Solar SuperStorm 1859 ‘Carrington Event’ – In the Blink of an Eye

richard-carrington-sunspot-1859
Royal Astronomical Society / Richard Carrington via NASA

The Solar SuperStorm of 1859. The Carrington Event. It happened during September 1–2, 1859 and was the largest geomagnetic storm ever recorded.

It could all happen again… in the blink of an eye…


 

During the Thursday morning of September 1, 1859, Richard Carrington, a 33 year old amateur astronomer from England, first observed sunspot activity that would later lead to the monumental eruption. The observations were seen using his solar telescope which projected an 11 inch diameter image on to a surface where he would sketch the large group of sunspots.

During his observations that morning he suddenly witnessed two brilliant spots of light forming within the sunspot group which rapidly grew in size, twice as bright as the sun itself. Within 5 minutes the mega flare had peaked in size and intensity, reduced back to pinpoints of light, and vanished.

 
Early the following morning, much of the world was witnessing a massive and tremendously bright display of the aurora, even at latitudes in the tropics!
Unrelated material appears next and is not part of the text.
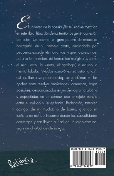 El universo de la poesía y la música se mezclan en este libro, libro donde los territorios genéricos están borrados. Un poema, un gran poema de estructura horizontal, en su primera parte, circundado por pequeños excedentes narrativos, y que no prescinde, para su terminación, de formas tan marginales como el mini texto, la viñeta, el apólogo, e incluso la misma fábula. "Mudas canciones zarastrunianas", así les llama su propio autor, se combinan en las noches para resolver ansiedades, carencias, bajas pasiones, desparramadas en un pentagrama urbano y orquestadas en un cosmos que el sujeto transita entre el aullido y la epifanía. Redención, también castigo, de un muchacho de barrio, girando en torno a un mundo insomne donde las causalidades convergen y nos llevan al final de un largo camino: regresar al árbol desde su raíz.
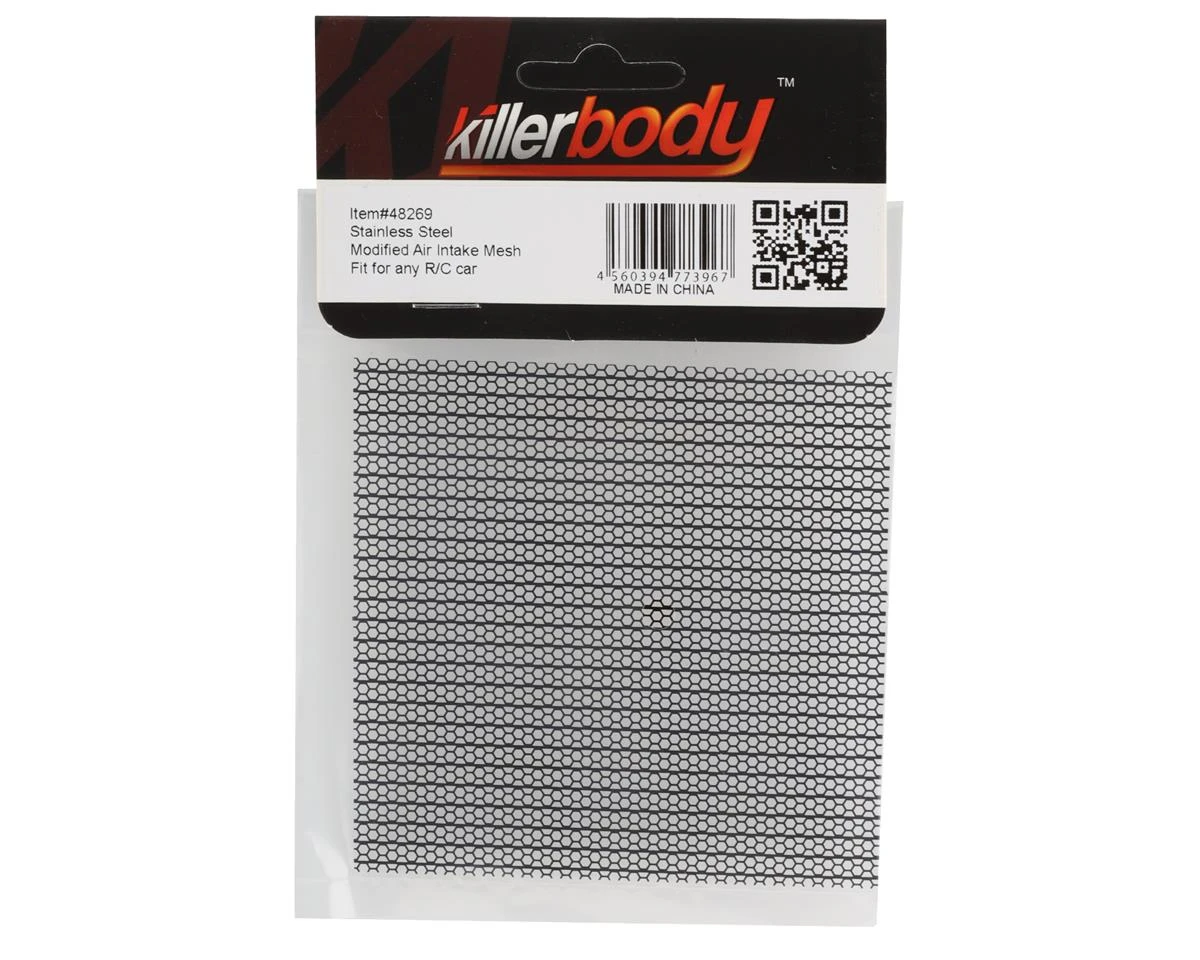 Killerbody Stainless Steel Air Intake Screen. This optional intake screen is a great way to add extreme scale detail to your RC drift car, crawler, touring car and more! This mesh is made from stainless steel and features a honeycomb cut divided into 4mm wide strips throughout the entire sheet. Package includes one sheet.

During the same time, telegraph systems all over Europe and North America failed while spraying out sparks from telegraph poles and igniting widespread fires.

The telegraph system was the only high technology of that day, archaic by today’s standards, and it was brought down by an invisible force from the sun.

 
united-states-electrical-power-grid

Today, the problem begins with the vulnerability of our electric power grid, the essential conduit carrying the life blood of nearly all services and infrastructure that our modern society depends upon.

The way in which the grid is built in the United States (similarly elsewhere), power lines stretched out overhead at distances spanning and crisscrossing nearly 200,000 miles, it acts as a giant vulnerable antenna which would easily pick up the electrical currents induced by a geomagnetic solar storm.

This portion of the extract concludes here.